Немец взглянул с изумлением.
– О, это быть не может! – проговорил он через секунду совершенно равнодушно, – Абрам! марш!
Абрам Семеныч нехотя повиновался; Федор Карлыч медленно последовал за ним. Буеракин долгое время пребывал в изумлении с растопыренными руками.
– Ну, что же тут прикажете делать? – сказал он, обращаясь ко мне.
Горехвастов преспокойно развалился на диване, между тем как Рогожкин и я скромно сидели против него на стульях.

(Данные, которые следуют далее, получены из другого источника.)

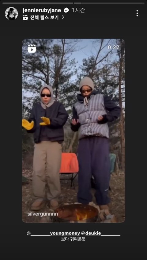 캠핑 가서 챌린지 찍은듯 왼쪽엔 제니랑 친한 여자댄서분ㅋㅋㅋㅋㅋㅋ
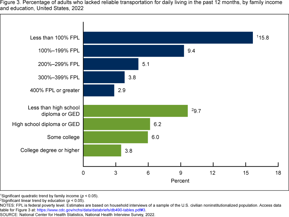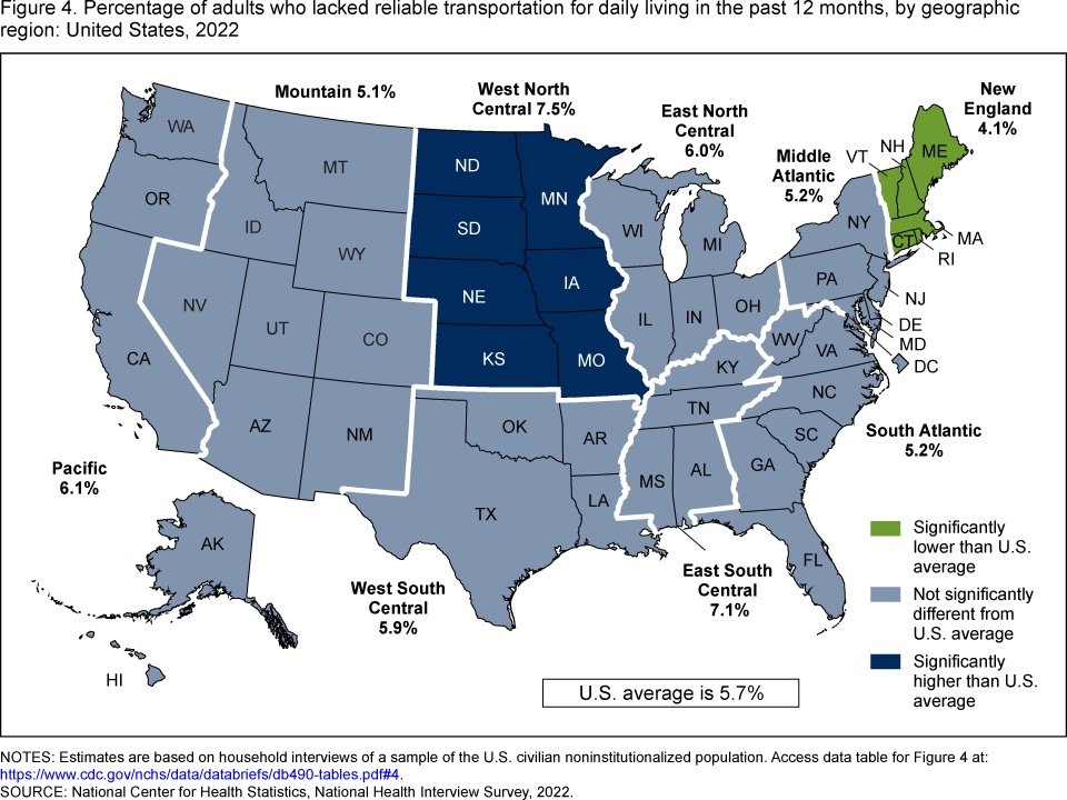 Ng AE, Adjaye-Gbewonyo D, Dahlhamer J. Lack of reliable transportation for daily living among adults: United States, 2022. NCHS Data Brief, no 490. Hyattsville, MD: National Center for Health Statistics. 2024. DOI: https://dx.doi.org/10.15620/cdc:135611

Горехвастову лет около сорока; он, что называется, видный мужчина, вроде тех, которых зрелище поселяет истому в организме сорокалетних капиталисток и убогих вдов-ростовщиц. Росту в нем без малого девять вершков, лицо белое, одутловатое, украшенное приличным носом и огромными, тщательно закрученными усами; сложенье такое, о котором выражаются: "на одну ладонку посадит, другою прикроет – в результате мокренько будет"; голос густой и зычный; глаза, как водится, свиные. Вообще заметно, что здесь материя преобладает над духом, и что страсти и неумеренные увеселения плоти, говоря языком старинных русских романов, "оставили на нем свои глубокие бразды". Он заметно любит щеголять; на нем надето что-то круглое: сюртук не сюртук, пальто не пальто, фрак не фрак, а что-то среднее, то, что в провинции называют "обеденным фраком"; сапоги лаковые, перчатки палевые, жилет кашемировый, пестроты ослепительной; на рубашке столько складок, что ум теряется. Но несмотря на все это, несмотря на множество колец, украшающих его пухлые руки, и на нем самом, и на его одежде лежит какая-то печать поношенности, как будто и сам он, и все, что на нем, полиняло и выцвело. Когда я смотрю на него, мне, не знаю почему, всегда кажется, что вот передо мной человек, который ночи три сряду не спал и не снимал с себя ни "обеденного фрака", ни рубашки. Складки на рубашке смяты и на сгибах покрыты какою-то подозрительною тенью, платье на швах поистерлось, самые щеки одрябли и как-то неприятно хрящевато-белы. Словом, это один из тех субъектов, которые называются «жуирами»: живали и в роскоши, живали и в нищете, заставляли других из окна прыгать, но и сами из оного прыгивали.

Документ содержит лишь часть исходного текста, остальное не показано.